NAIROBI (Reuters) – French gendarmes arrested Felicien Kabuga, wanted for allegedly financing the Rwandan genocide, near Paris on May 16 after a global manhunt spanning more than a quarter of a century.
Kabuga, 84, is accused of funding ethnic Hutu militias that massacred about 800,000 Tutsi and moderate Hutus during the 1994 genocide. He was one of the last three major fugitives hunted by international investigators.
WHO WANTED KABUGA?
He was indicted by the International Criminal Tribunal for Rwanda in Arusha, Tanzania. The U.N. Security Council set up the tribunal in 1995 to prosecute high-profile suspects accused of crimes during the 1994 genocide.
The court tried senior military and government officials, politicians, businessmen, church, militia, and media leaders on charges of genocide, crimes against humanity and war crimes, complicity in genocide, or direct and public incitement to commit genocide.
It also charged more than half of the suspects with rape and other forms of sexual violence as a means of perpetrating genocide and as crimes against humanity or war crimes.
DID THE TRIBUNAL WORK?
The tribunal indicted 93 people, including Kabuga. Of those, 62 were convicted and 10 others sent to national jurisdictions for trial. A further 14 were acquitted, two indictments were withdrawn before trial and two people died before their trials concluded. The rest were fugitives.
The tribunal closed in 2015, but passed its outstanding cases to the U.N. International Residual Mechanism for Criminal Tribunals, a body empowered to try suspects from the Rwandan genocide and 1990s war in then-Yugoslavia. This body maintains an office in Arusha and another in The Hague, Netherlands.
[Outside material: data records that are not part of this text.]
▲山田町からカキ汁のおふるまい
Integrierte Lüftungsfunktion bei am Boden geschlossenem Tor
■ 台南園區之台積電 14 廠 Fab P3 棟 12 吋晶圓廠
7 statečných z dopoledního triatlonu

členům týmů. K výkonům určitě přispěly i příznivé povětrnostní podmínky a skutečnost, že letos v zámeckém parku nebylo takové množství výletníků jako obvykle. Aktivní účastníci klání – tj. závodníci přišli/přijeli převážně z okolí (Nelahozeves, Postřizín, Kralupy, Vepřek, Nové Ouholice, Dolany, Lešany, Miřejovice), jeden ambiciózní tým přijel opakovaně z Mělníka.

WHAT WAS KABUGA INDICTED FOR?
Kabuga was indicted on seven counts of genocide, complicity in genocide, directing and inciting genocide, conspiracy to carry out and attempts to commit genocide, and crimes against humanity – persecution and extermination.
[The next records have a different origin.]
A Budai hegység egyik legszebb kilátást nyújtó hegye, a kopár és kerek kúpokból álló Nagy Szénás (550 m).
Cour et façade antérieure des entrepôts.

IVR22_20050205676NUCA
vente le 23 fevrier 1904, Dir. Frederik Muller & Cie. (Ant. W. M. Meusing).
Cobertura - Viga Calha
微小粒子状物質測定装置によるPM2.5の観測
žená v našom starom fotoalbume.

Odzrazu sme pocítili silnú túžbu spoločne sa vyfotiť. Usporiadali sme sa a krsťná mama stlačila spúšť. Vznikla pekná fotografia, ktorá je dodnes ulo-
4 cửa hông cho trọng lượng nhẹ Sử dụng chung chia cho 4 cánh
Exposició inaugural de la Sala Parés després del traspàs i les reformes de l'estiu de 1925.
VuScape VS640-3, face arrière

WHAT PROBLEMS DID THE TRIBUNAL FACE?
Its critics, including Rwanda, accused it of being inefficient, costly and slow. Rwanda itself tried more than two million cases related to the genocide in 12,000 community courts – often held outside under trees – between 2001 and 2012.
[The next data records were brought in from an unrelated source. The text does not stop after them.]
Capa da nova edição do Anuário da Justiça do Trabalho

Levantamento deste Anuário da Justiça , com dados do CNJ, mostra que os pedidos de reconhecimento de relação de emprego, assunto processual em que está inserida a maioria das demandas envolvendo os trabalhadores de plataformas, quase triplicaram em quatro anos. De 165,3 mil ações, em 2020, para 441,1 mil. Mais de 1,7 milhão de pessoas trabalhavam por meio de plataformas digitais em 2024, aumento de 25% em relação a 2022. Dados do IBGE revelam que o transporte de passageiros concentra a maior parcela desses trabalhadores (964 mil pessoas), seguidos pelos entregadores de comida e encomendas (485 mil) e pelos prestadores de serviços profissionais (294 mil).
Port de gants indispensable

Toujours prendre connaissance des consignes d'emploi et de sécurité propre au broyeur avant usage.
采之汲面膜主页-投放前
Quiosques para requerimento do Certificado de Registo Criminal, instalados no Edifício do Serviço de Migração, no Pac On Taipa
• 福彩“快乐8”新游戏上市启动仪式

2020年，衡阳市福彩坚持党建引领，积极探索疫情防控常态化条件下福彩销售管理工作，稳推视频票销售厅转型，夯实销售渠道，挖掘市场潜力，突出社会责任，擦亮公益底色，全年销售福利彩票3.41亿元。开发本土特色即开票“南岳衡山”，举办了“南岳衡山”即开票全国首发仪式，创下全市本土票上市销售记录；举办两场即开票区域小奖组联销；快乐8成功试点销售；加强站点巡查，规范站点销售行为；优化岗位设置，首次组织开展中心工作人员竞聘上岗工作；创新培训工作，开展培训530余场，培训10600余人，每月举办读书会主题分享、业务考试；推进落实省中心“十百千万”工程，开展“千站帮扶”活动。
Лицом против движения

Suspects who were acquitted by the international tribunal were often unable or unwilling to go home, and authorities struggled to find third party countries that would accept them.
The tribunal also depended on national jurisdictions’ police and other security agencies to apprehend and hand over fugitives, which considerably slowed down the wheels of justice.
WHO IS STILL OUT THERE?
International investigators are still looking for Protais Mpiranya, former commander of the Rwandan presidential guard, and Augustin Bizimana, the ex-defence minister – both Hutus.
The international tribunal referred the cases of five other fugitives to the Rwandan authorities for trial.